■ **Task requirements**: Go to the line below that has "無垢岩板ダイニングテーブル FASグレードのホワイトアッシュ", print it and each line after it exactly, and stop after the line that has "BJHG不计后果复古做旧毛衣男款冬季新款重磅仿牛仔水洗保暖外套女"; leave out pictures.

■ **Record excerpts**:

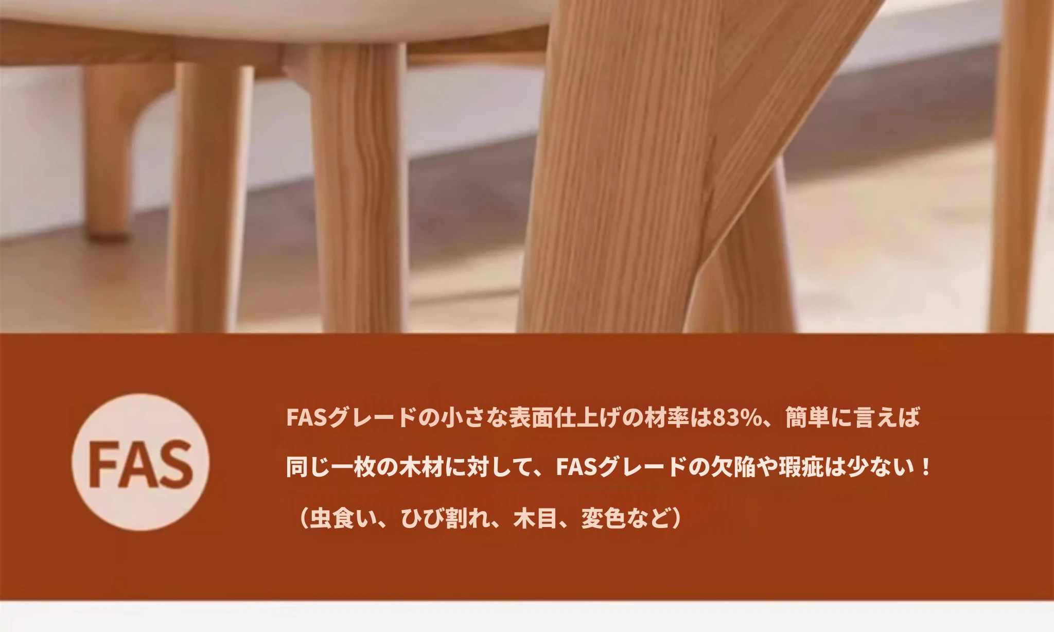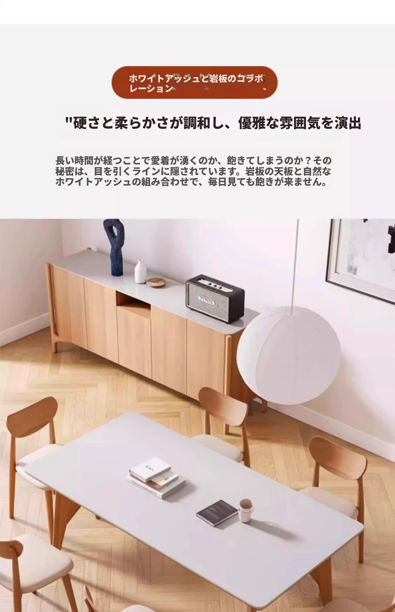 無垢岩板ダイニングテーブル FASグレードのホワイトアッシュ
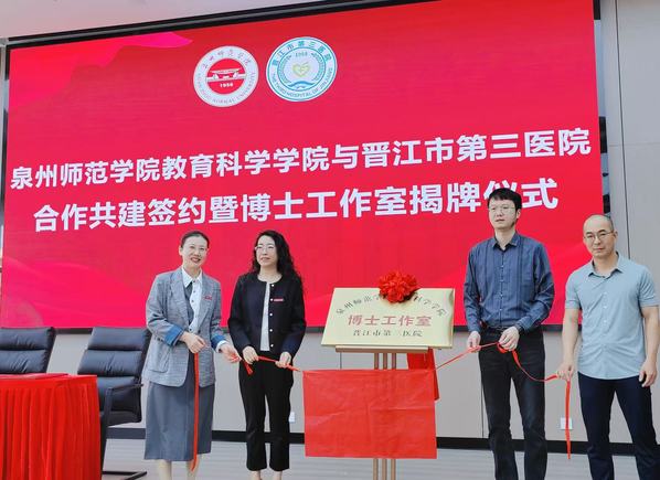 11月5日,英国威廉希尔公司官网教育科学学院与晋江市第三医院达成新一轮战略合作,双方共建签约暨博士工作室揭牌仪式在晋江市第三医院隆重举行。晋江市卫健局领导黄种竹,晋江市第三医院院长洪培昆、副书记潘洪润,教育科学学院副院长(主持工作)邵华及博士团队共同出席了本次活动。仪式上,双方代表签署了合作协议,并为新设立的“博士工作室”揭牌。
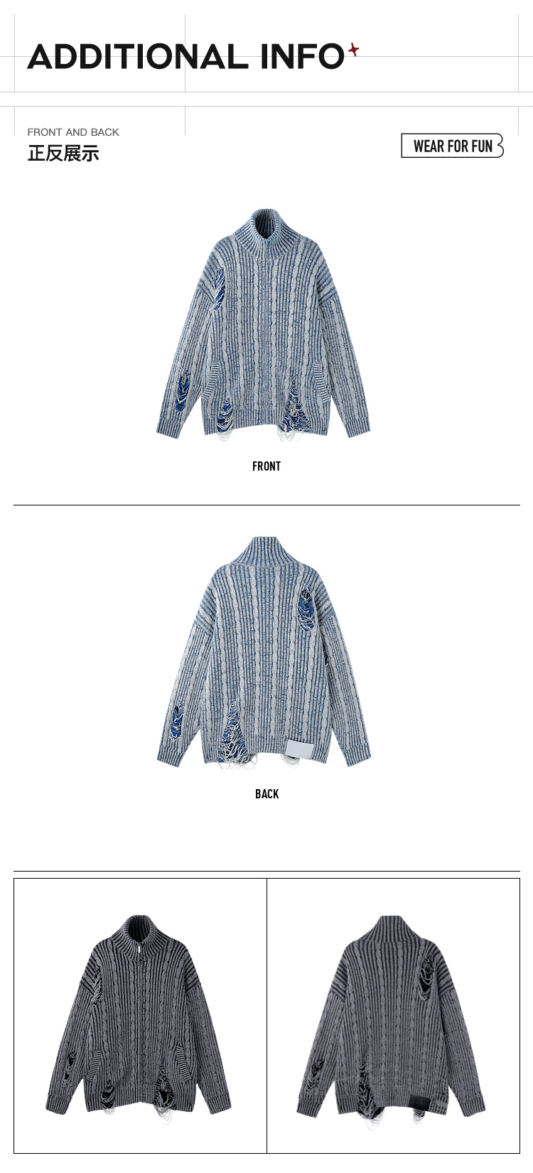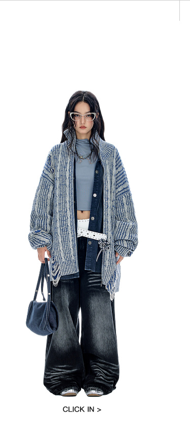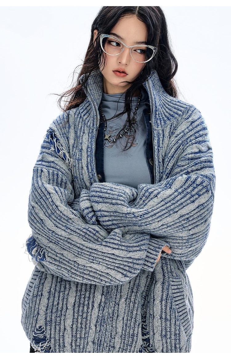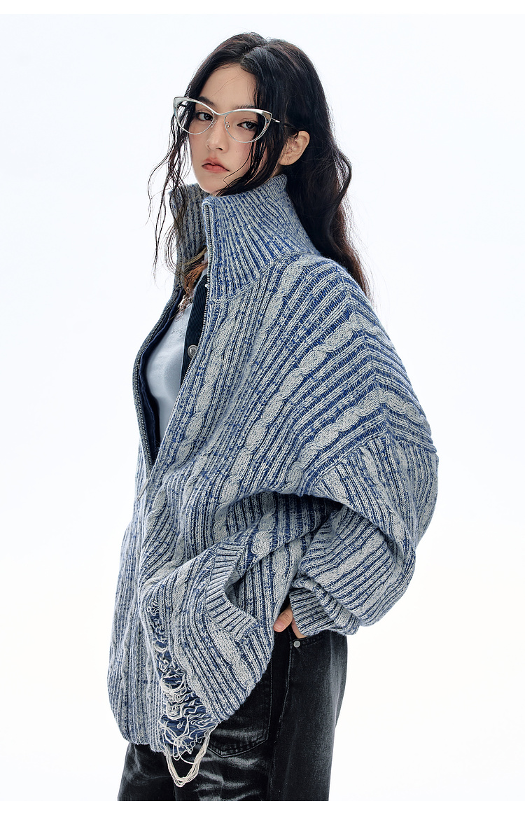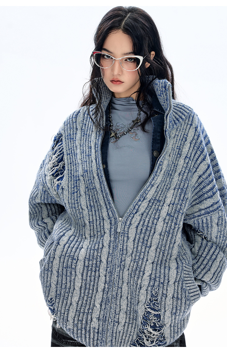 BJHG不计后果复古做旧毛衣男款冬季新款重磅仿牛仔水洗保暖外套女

==

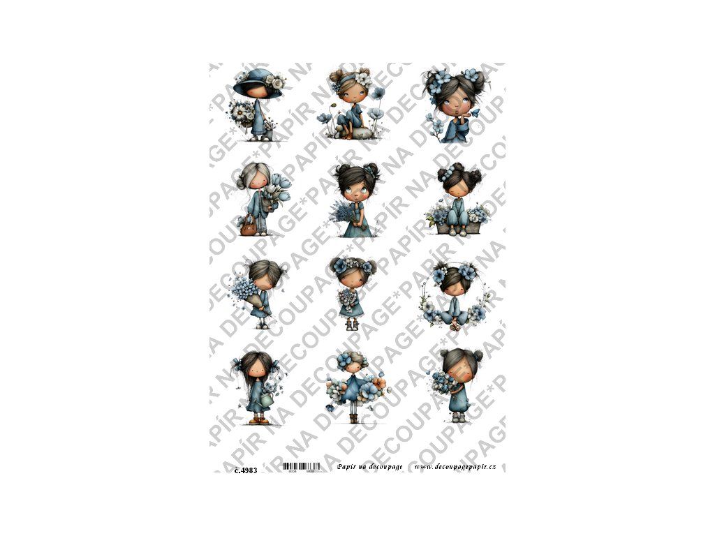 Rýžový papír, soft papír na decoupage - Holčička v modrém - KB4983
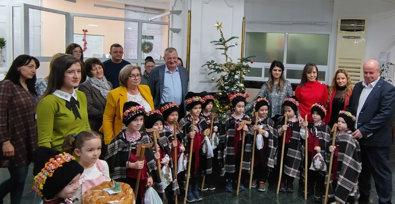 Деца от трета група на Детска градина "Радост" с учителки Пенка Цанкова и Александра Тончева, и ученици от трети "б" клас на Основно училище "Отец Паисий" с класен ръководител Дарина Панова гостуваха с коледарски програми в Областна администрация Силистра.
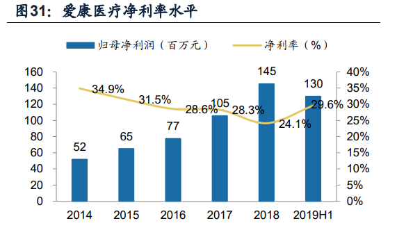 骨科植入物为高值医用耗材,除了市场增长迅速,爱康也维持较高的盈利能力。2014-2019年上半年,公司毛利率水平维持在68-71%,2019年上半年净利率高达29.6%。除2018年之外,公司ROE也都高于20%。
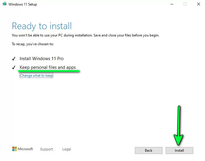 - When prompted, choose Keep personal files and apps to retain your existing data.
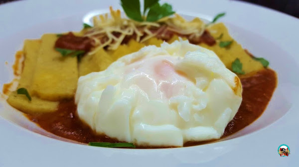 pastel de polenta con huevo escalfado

■ **Your response**:
 無垢岩板ダイニングテーブル FASグレードのホワイトアッシュ
 11月5日,英国威廉希尔公司官网教育科学学院与晋江市第三医院达成新一轮战略合作,双方共建签约暨博士工作室揭牌仪式在晋江市第三医院隆重举行。晋江市卫健局领导黄种竹,晋江市第三医院院长洪培昆、副书记潘洪润,教育科学学院副院长(主持工作)邵华及博士团队共同出席了本次活动。仪式上,双方代表签署了合作协议,并为新设立的“博士工作室”揭牌。
 BJHG不计后果复古做旧毛衣男款冬季新款重磅仿牛仔水洗保暖外套女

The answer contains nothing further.